Healthcare providers must navigate a complex regulatory landscape concerning AI adoption, adhering to standards and guidance from various agencies. These include governmental bodies like the FDA, ONC, NIST, and HHS, which focus on safety, interoperability, and risk management; professional organizations such as the AMA, AHIMA, and RSNA, which emphasize ethical considerations and best practices; and international organizations like the WHO and ISO, which promote global standards. This diverse regulatory environment necessitates ongoing monitoring and compliance efforts to ensure responsible and effective AI implementation in healthcare.

The table below offers a framework of how AI learning models can address key healthcare challenges in a patient’s continuity of care, from prevention and early detection to care management and cost containment. In addition, it highlights potential success metrics and notes regulatory considerations:

Governance and Leadership Considerations

Incorporating AI into healthcare strategies requires more than technical expertise. Boards and leadership must adapt governance practices and competencies to guide AI investments effectively. This shift involves acknowledging that AI can introduce new revenue streams, alter existing ones, reshape workforce roles, and raise unique ethical and compliance challenges. Leaders must establish robust oversight structures, ensure responsible data use, and foster trust in AI-driven insights across the organization:

  • Strategic Alignment: Ensure AI initiatives are closely linked to the organization’s mission, incentive structures, and strategic goals. Investments should deliver tangible financial and clinical returns that reinforce core priorities.

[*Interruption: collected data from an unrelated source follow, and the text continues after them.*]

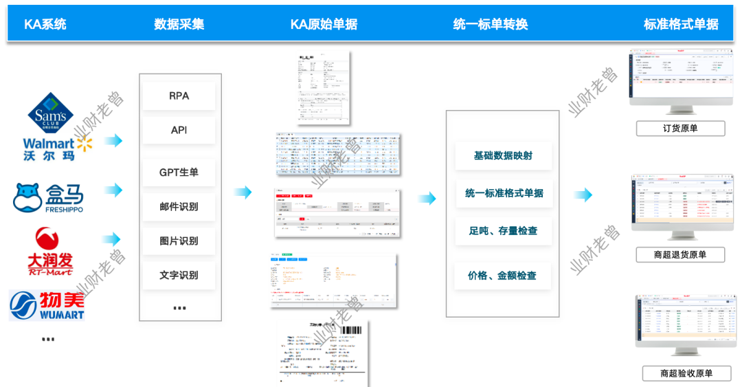品牌商或经销商在经营 KA 渠道(如山姆、盒马、大润发、物美、永辉等商超)时,订单、退货单、签收单多为线下手工登录KA的后台下载,再手工录入到自家ERP中,存在三大核心痛点: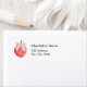 Ett rött jordgubbsbär med rosa båge. Anpassa och lägg till ditt namn och adress. Black brev.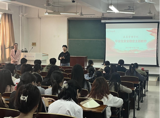 会上,任华传达了学校关于毕业生安全稳定工作的相关精神,并表示学院将全力以赴为毕业生营造一个和谐安全的环境,确保毕业生平安顺利完成学业。接着,杨笑冰强调了毕业生安全稳定工作的重要性,并从意识形态、宿舍安全、心理调试等方面勉励大家在日常考研学习过程中,关注自身的生命安全、财产安全和心理状况,提高自身安全防范意识。最后,任华对参会同学提出三点要求:一是要注意出行安全,减少意外事故的发生;二是要提高安全警惕,谨防电信诈骗;三是要注意宿舍安全,做到“离宿报备,去向清晰”。会议结束后,同学们纷纷表示,将牢固树立并自觉践行“安全第一”理念,做好自身安全“第一责任人”,提高安全防范能力。

  • Governance Structures and Oversight: Consider establishing dedicated AI committees or augmenting board expertise with directors possessing backgrounds in data science, digital health, or relevant regulations. This enhances the board’s capacity to scrutinize AI projects, assess their impact on care delivery, patient safety, and organizational performance, and ensure alignment with evolving regulatory requirements.

  • Long-Term Investment Perspective: AI maturity is a journey, not a destination. Boards and leadership must adopt a long-term view, prioritizing foundational investments in data quality, interoperability, and scalable platforms. This gradual capability-building ensures organizational adaptability to evolving technologies and regulatory requirements.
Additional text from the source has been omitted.